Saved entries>
= Beginning of Section =

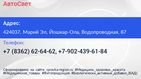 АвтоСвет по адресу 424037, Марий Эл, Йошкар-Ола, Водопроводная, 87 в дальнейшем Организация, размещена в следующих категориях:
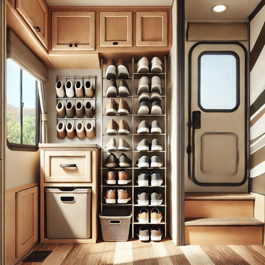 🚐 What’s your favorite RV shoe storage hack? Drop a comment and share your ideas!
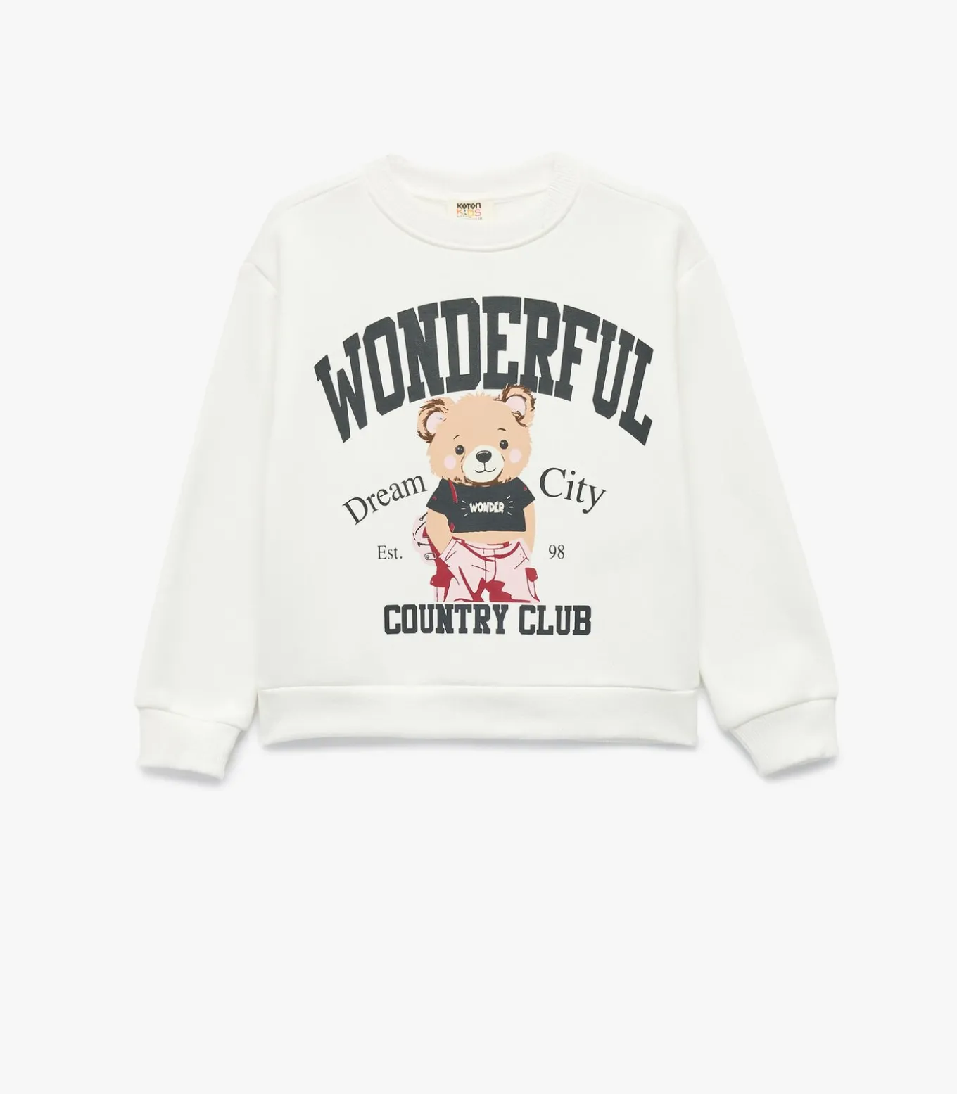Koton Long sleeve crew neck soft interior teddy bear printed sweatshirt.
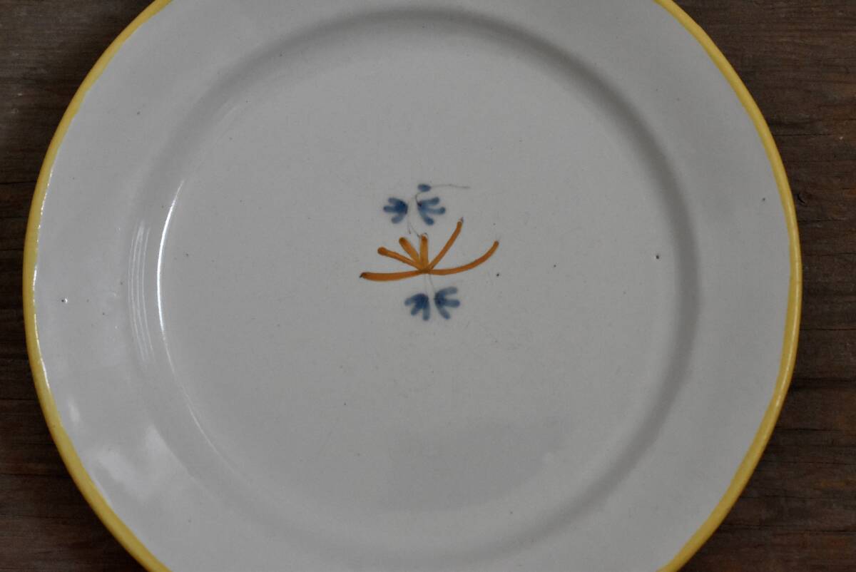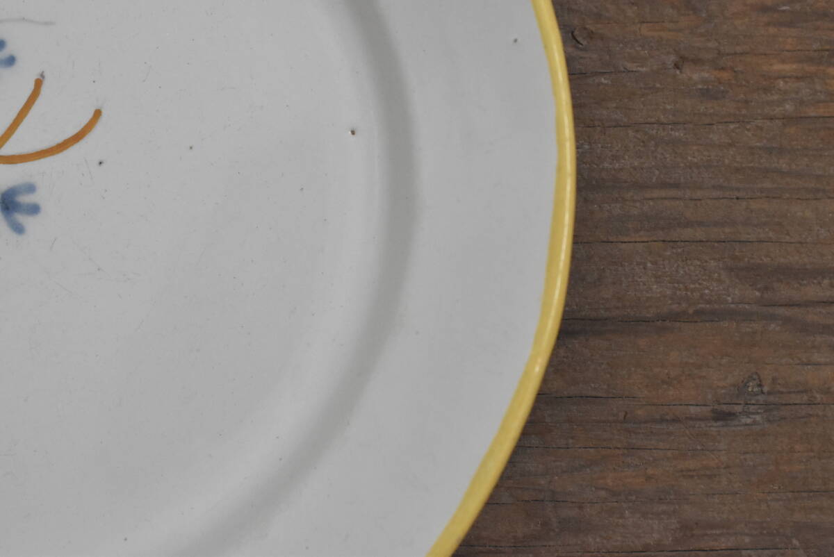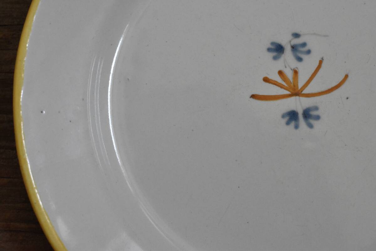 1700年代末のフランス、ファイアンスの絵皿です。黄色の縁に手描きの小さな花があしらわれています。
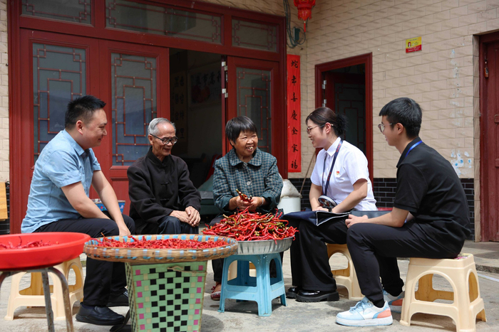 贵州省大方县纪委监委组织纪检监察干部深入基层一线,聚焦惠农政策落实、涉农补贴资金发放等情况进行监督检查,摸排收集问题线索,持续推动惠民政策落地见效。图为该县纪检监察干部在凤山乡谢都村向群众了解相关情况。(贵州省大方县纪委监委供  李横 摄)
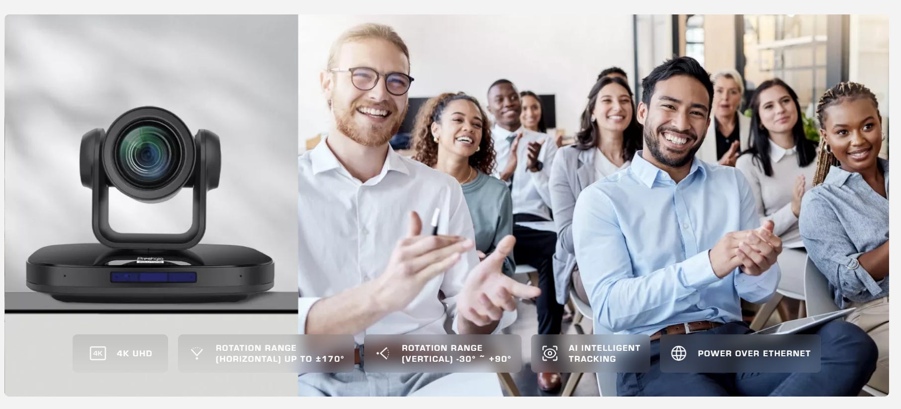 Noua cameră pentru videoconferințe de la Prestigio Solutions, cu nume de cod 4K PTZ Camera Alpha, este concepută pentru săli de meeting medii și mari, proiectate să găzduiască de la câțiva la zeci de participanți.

= End of Section =

Task details>
Exactly the lines from the line that contains "1700年代末のフランス、フ" through the last line above, and no other lines, must be output, with pictures excluded.

Answer to this problem>
 1700年代末のフランス、ファイアンスの絵皿です。黄色の縁に手描きの小さな花があしらわれています。
 贵州省大方县纪委监委组织纪检监察干部深入基层一线,聚焦惠农政策落实、涉农补贴资金发放等情况进行监督检查,摸排收集问题线索,持续推动惠民政策落地见效。图为该县纪检监察干部在凤山乡谢都村向群众了解相关情况。(贵州省大方县纪委监委供  李横 摄)
 Noua cameră pentru videoconferințe de la Prestigio Solutions, cu nume de cod 4K PTZ Camera Alpha, este concepută pentru săli de meeting medii și mari, proiectate să găzduiască de la câțiva la zeci de participanți.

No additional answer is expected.